Texas football coach Steve Sarkisian thinks he took things too far when trying to explain the inequities and challenges certain teams face in recruiting. In a mid-May interview with USA Today, Sarkisian ripped the NCAA for allowing those inequities to exist.
While attempting to explain his point, Sarkisian decided to tear into the academic standards at Ole Miss.
“At Texas, we will only take 50% of a player’s academic credit hours. You may be a semester from graduating, but you’re going all the way back to 50% if you play here and want a degree.
But at Ole Miss, they can take you. All you have to do is take basket weaving, and you can get an Ole Miss degree.”
It was Sarkisian’s final comment above, in which he said all an Ole Miss football player needs to do in order to get a degree from the school is “take basket weaving, that drew the ire of the university.
Ole Miss reportedly took issue with the insult, and asked the SEC to punish Sarkisian for breaking SEC bylaws, which prohibit coaches and staff from making derogatory comments about other schools.
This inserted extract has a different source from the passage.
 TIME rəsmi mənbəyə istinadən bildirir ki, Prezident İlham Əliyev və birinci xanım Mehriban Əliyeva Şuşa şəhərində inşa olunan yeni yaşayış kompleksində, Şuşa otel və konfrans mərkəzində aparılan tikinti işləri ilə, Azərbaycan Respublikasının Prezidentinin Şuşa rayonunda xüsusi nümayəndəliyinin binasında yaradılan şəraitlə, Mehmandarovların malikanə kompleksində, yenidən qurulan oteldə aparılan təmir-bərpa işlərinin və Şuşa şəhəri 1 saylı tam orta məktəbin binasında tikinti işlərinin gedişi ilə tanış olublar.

Sarkisian was not punished for his comments, he told reporters Tuesday. He did, however, admit he regretted using “basket weaving” in his example.
“I could have used macroeconomics. I could have used engineering. It wouldn’t have mattered. The class was irrelevant, and that was a poor choice of words on my part.”
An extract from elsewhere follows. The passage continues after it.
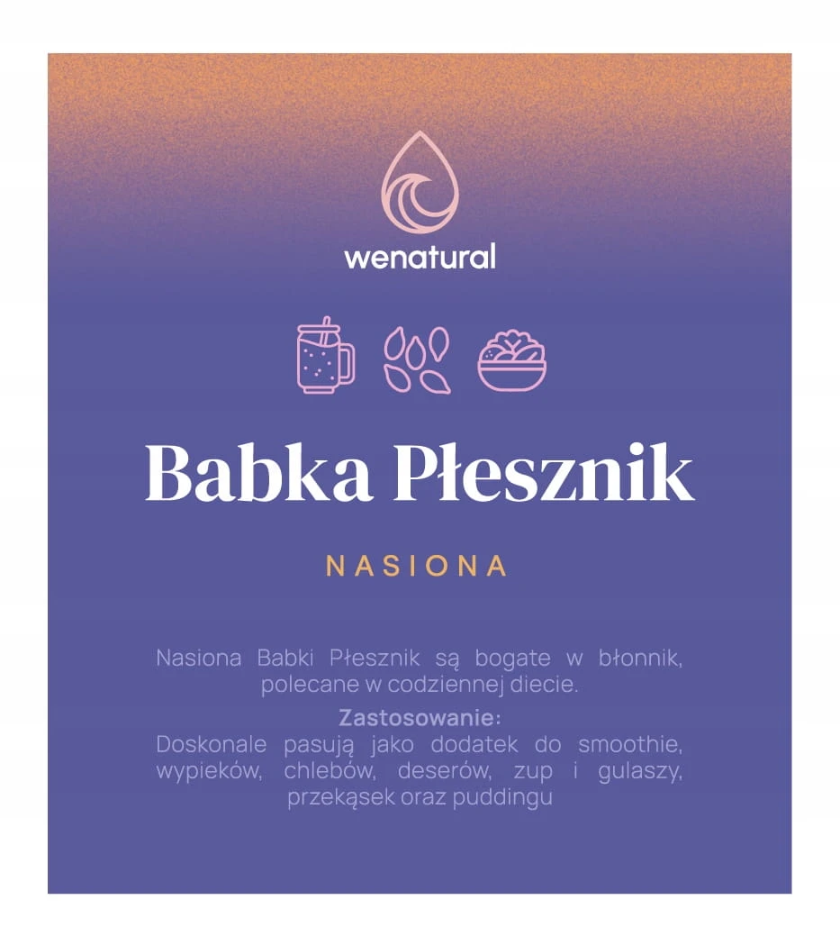 Jak stosować babkę płesznik? Zalecamy spożywanie 2 razy dziennie po 6-7 g (2 łyżeczki) nasion, około 30 minut przed posiłkiem. Wsyp nasiona do szklanki z letnią wodą, odczekaj kilka minut i wypij. Pamiętaj, aby pić dużo wody podczas stosowania babki płesznik – około 2 litrów dziennie, aby uzyskać optymalne efekty. Zadbaj o swoje zdrowie już teraz! Zamów nasiona babki płesznik od Wenatural i poczuj różnicę – zarówno w trawieniu, jak i ogólnym samopoczuciu. To prosty krok w stronę lepszego zdrowia i stylu życia, który możesz zrobić już dzisiaj | |

Sarkisian reportedly wasn’t the only coach Ole Miss wanted punished. Former Ole Miss coach Lane Kiffin made comments around the same time as Sarkisian, claiming the lack of diversity in Oxford, Mississippi — where Ole Miss is located — made it harder to recruit prospects. Kiffin said that is less of an issue at LSU, where he coaches now. Kiffin quickly apologized, saying he didn’t mean to offend anyone at Ole Miss with his comments. He added that his words weren’t “calculated.”
Sarkisian’s comments Tuesday, notably, focused on his insult, and not his original point. Sarkisian stood by his belief that academic inequity among schools can lead to an uneven playing field in recruiting. He just felt bad that he denigrated Ole Miss’ academic standards when making his original argument.